What the exercise asks. Your output should be everything below from the line containing "Meteorologická stanice Plechý" down to the line containing "러블리 블루베리 사계절 긴팔 프릴 잠옷 세트 (1color)", both ends included, copied exactly, with pictures left out.

Source material.
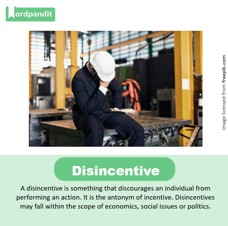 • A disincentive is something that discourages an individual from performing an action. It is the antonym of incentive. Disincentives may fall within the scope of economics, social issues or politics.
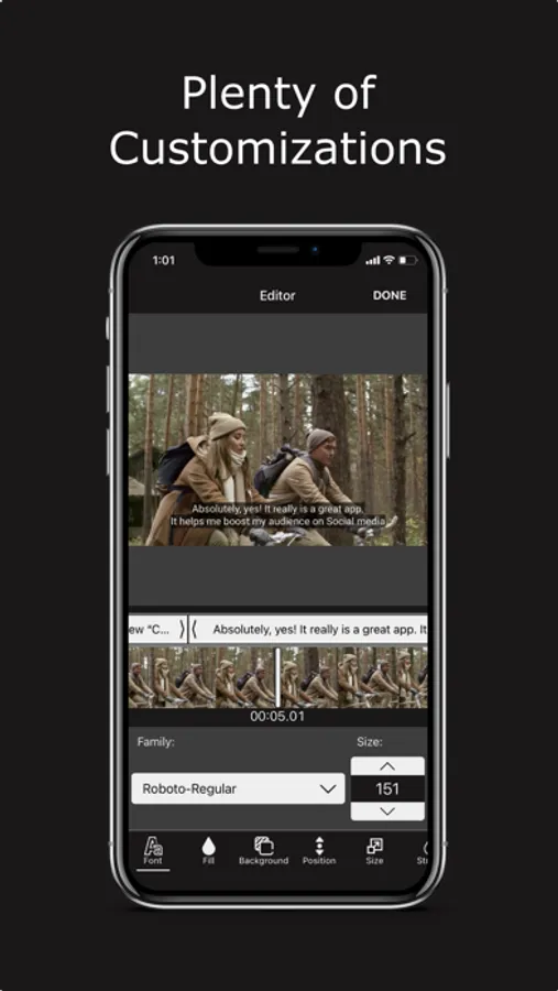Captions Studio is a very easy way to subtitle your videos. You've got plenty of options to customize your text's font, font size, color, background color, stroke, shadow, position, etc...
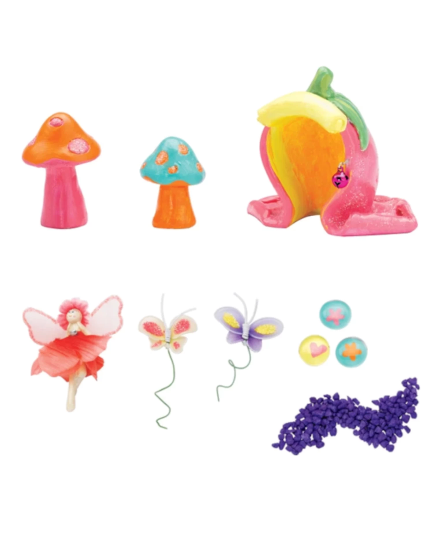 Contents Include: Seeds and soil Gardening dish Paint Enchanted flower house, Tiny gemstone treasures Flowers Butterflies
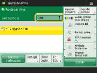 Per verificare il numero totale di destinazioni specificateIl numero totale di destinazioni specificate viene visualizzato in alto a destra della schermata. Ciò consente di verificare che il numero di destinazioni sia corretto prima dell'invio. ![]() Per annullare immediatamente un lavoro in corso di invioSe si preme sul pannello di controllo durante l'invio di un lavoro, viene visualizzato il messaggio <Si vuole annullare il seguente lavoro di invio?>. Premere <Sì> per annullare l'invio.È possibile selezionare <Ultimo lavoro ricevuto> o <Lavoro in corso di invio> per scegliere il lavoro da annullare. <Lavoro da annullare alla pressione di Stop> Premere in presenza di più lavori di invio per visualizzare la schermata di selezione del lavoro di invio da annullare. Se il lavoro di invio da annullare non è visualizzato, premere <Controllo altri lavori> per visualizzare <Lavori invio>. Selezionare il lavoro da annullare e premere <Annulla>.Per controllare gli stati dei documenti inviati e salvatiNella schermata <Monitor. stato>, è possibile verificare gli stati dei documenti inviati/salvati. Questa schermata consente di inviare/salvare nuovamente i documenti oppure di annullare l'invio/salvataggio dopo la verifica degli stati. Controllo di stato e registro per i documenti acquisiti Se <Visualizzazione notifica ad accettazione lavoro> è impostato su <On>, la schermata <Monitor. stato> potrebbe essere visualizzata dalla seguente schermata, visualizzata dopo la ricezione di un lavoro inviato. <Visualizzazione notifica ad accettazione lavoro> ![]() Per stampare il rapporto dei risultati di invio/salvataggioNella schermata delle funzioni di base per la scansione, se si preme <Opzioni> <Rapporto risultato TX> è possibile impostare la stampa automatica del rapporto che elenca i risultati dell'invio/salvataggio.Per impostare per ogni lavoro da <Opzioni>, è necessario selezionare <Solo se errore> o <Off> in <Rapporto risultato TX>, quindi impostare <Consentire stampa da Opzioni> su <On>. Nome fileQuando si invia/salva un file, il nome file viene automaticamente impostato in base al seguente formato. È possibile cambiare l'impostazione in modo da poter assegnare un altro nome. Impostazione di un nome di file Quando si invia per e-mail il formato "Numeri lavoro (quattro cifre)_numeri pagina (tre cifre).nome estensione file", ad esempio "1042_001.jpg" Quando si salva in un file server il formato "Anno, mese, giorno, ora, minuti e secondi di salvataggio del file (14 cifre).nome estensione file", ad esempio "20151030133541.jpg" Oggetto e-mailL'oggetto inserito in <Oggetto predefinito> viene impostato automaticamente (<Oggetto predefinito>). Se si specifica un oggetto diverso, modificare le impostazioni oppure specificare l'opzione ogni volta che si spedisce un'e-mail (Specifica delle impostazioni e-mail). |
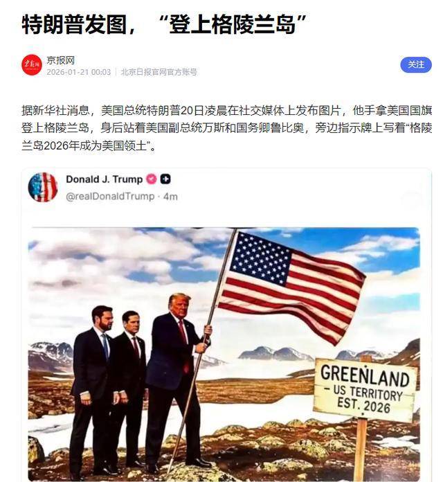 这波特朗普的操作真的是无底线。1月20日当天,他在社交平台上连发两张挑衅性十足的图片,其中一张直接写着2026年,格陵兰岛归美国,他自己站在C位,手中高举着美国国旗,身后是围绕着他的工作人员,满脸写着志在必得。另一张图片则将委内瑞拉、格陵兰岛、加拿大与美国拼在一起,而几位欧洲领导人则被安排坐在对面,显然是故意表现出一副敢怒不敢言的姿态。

---

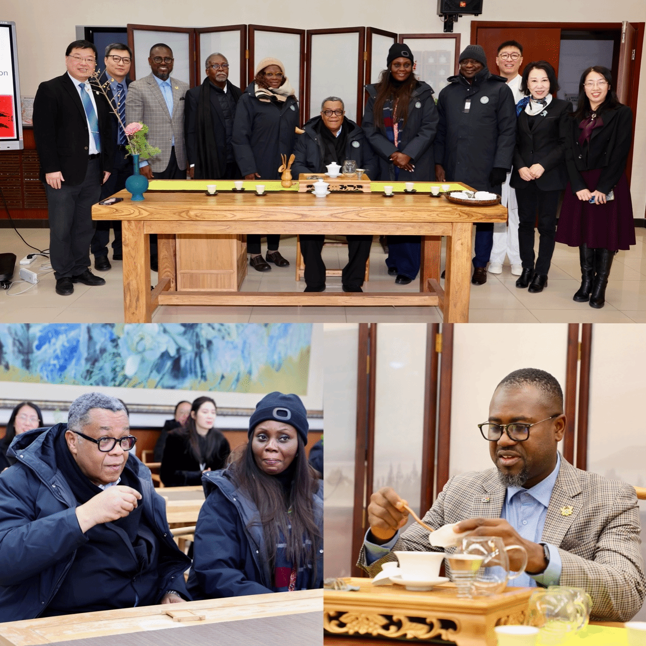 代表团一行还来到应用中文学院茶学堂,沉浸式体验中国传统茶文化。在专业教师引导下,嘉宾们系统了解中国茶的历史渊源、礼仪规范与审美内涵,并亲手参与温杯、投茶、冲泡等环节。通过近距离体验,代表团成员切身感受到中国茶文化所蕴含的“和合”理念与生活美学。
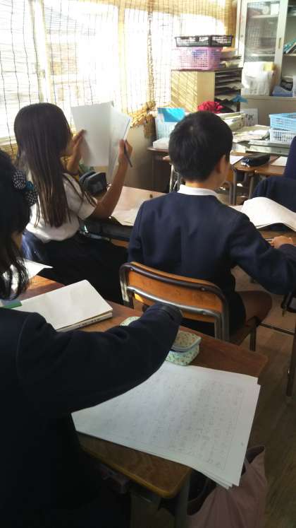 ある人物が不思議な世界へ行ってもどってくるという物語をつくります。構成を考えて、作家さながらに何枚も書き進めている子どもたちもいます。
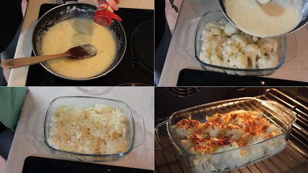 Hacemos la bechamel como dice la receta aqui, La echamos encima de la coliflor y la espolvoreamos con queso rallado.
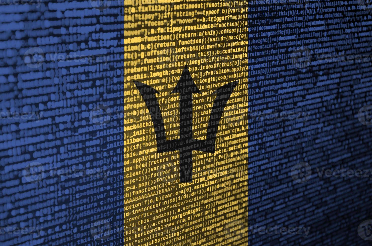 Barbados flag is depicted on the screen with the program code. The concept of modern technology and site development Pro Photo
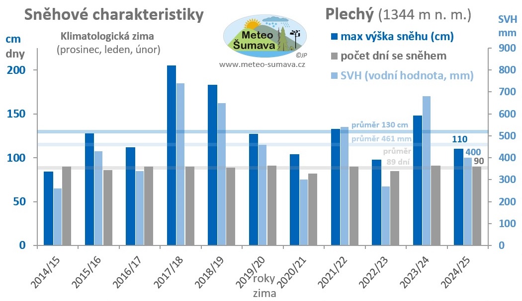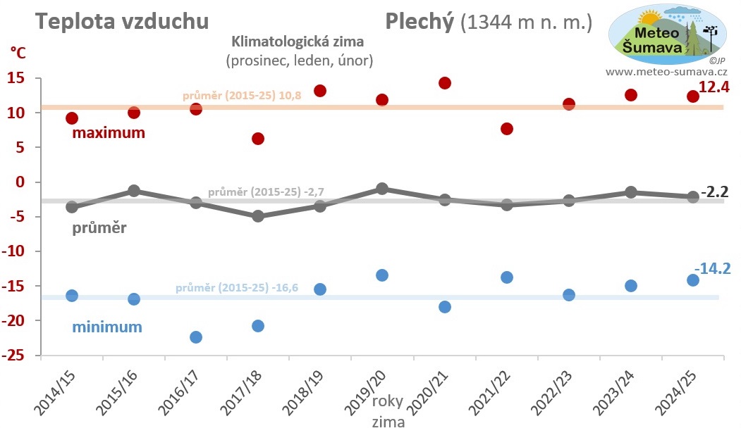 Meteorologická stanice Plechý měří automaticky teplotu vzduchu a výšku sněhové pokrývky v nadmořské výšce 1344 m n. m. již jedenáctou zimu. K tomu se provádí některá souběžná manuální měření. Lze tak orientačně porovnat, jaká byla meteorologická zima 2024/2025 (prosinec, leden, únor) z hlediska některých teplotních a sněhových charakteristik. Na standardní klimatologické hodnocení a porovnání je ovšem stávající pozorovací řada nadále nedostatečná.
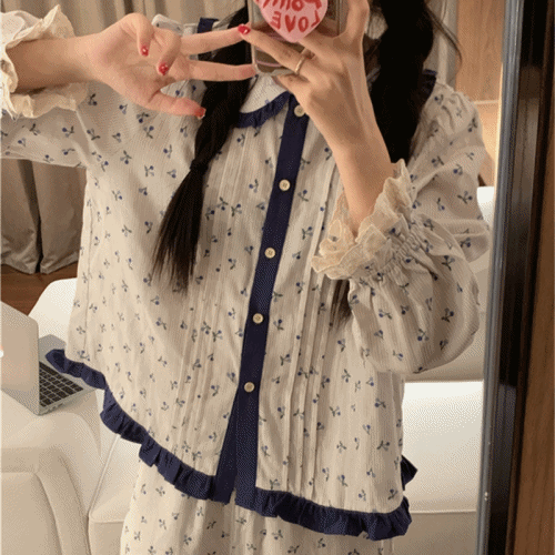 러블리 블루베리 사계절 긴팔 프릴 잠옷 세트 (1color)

Task response.
 Meteorologická stanice Plechý měří automaticky teplotu vzduchu a výšku sněhové pokrývky v nadmořské výšce 1344 m n. m. již jedenáctou zimu. K tomu se provádí některá souběžná manuální měření. Lze tak orientačně porovnat, jaká byla meteorologická zima 2024/2025 (prosinec, leden, únor) z hlediska některých teplotních a sněhových charakteristik. Na standardní klimatologické hodnocení a porovnání je ovšem stávající pozorovací řada nadále nedostatečná.
 러블리 블루베리 사계절 긴팔 프릴 잠옷 세트 (1color)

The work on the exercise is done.